While the issue went largely unnoticed until late last year, lawmakers on Capitol Hill—both Republican and Democrat—are now looking for change from the long-embattled agency.

The House Oversight Subcommittee’s first hearing of the new Congress called on IRS Commissioner John Koskinen to testify. He was met with harsh criticism.

Rep. Mike Kelly, R-Pa., went so far as to compare civil asset forfeiture to torture. “You talk about waterboarding, this is waterboarding at its worst,” he said.

The IRS has promised to change. Koskinen apologized to the small business owners at the hearing and said the agency would no longer pursue civil seizure on structuring grounds “unless there are exceptional circumstances.”

“We’ve changed the policy from our standpoint,” Koskinen said.

But Johnson isn’t satisfied with the IRS’ promise.

“The only surefire reform of civil forfeiture is to eliminate the practice entirely, and to require all forfeiture to proceed under the criminal laws,” Johnson said. “Short of that, the IRS policy change—limiting application of the structuring laws to funds derived from illegal sources—should be codified in statute, and without any open-ended loophole for ‘exceptional’ cases.”

Many lawmakers also aren’t satisfied with the IRS’s “exceptional circumstances” standard.
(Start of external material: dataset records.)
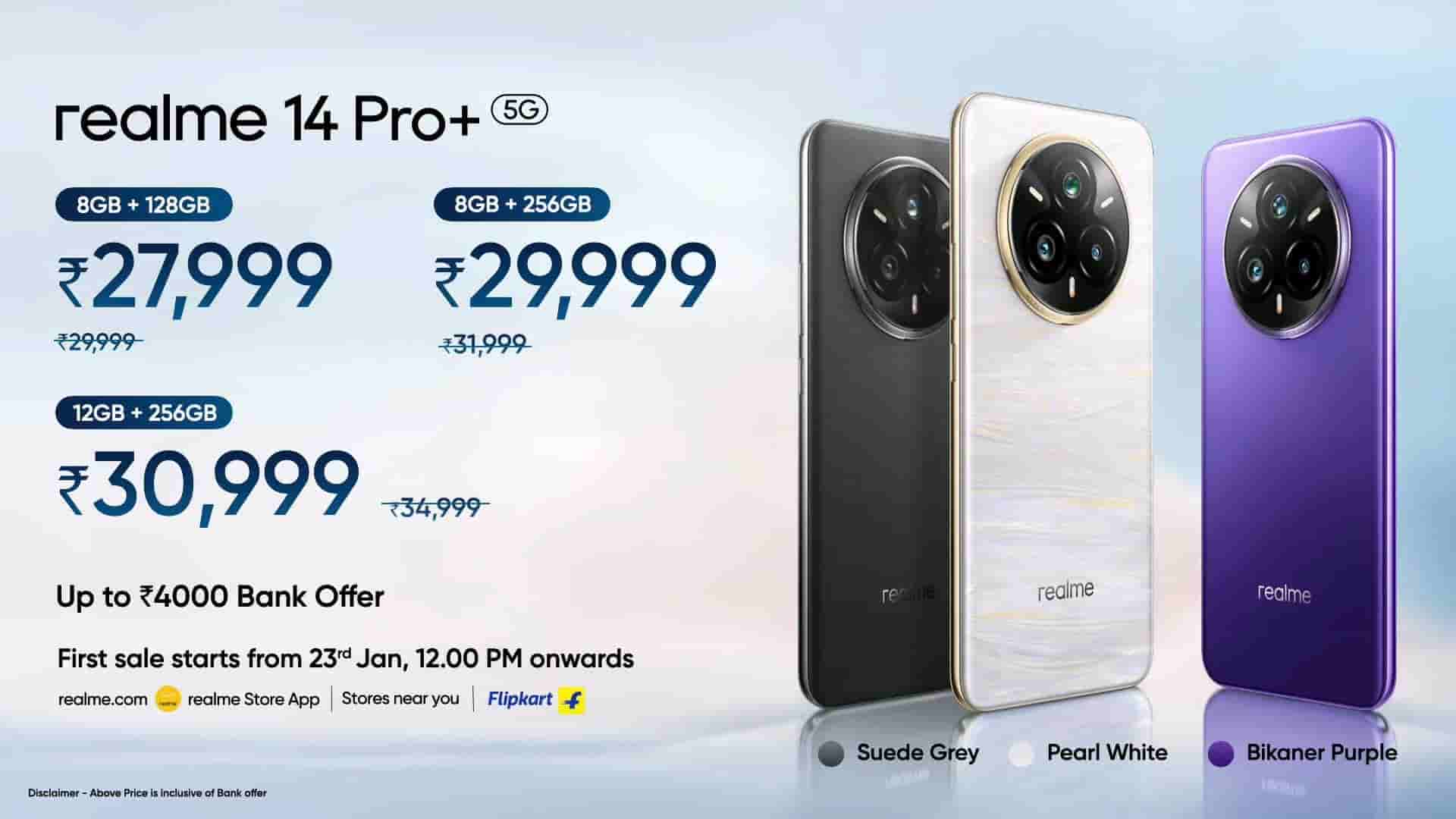 The Realme 14 Pro+ 5G has price tags of INR 27,999 (actual list price – INR 29,999), INR 29,999 (actual list price – INR 31,999), and INR 30,000 (actual list price – INR 34,999) respectively for the 8GB/128GB, 8GB/256GB, and 12GB/256GB storage variants (with up to INR 4,000 bank offer). The first sale will start on the 23rd of January 2025, at 12PM onwards, and it can be purchased via Flipkart, Realme official website, Realme stores, and also through other offline retail stores. Three color choices are available – Suede Grey, Pearl White, and Bikaner Purple.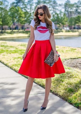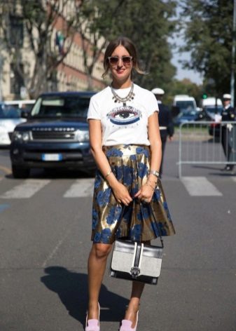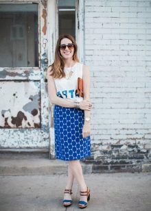 - If you go on a date, look at this gentle and feminine image. A simple white T-shirt with the inscription, a floral midi skirt, a white handbag and berry lace-up sandals. The image is complemented by sunglasses. You will look perfect!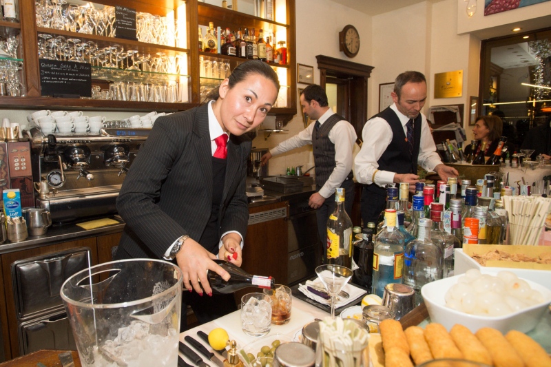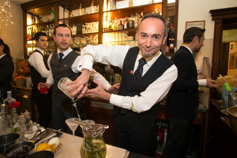 Ma perché ora va tanto reinterpretare i classici? “E’ come per la moda – spiega Celestino –: dopo un po’ la gente ha voglia di cose nuove e in questo momento c’è una rinascita del rito cocktail, come se parlassimo di un taglio anni Cinquanta che piace ma lo preferiamo con un tocco nuovo”. E prosegue: “E’ tornata in auge anche la ‘Milano da bere’, stanno emergendo tutti questi barmen con la barba, davvero simpatici con questa immagine, ma attenti alle mode che spesso distolgono dal livello alto del drink”. Lui, in questa serata speciale, proporrà un Americano Milano-Torino, ovvero ‘MiTo’, sostituendo il bitter Campari con il vermut della Carpano, che è l’antica formula. E la variazione sarà la shakerata che renderà questo vermut ricco di china e rabarbaro, quindi pesante, più fluido. Civieri ha invece ideato un Martini con oliva ripiena di blue cheese e Bonventi ricette molecolari.

In January, Sen. Rand Paul, R-Ky., and Rep. Tim Walberg, R-Mich., introduced a bill that would curb IRS forfeiture abuses by stopping the IRS from seizing funds without criminal charges and make it simpler and faster for innocent property owners to get their money back.

The bill is only in the primary stages of the legislative process, but some sort of remedial legislation is likely to receive support.

“It is wrong without any criminal evidence to seize anyone’s property,” Kelly said. “This flies in the face of everything we are as a country.”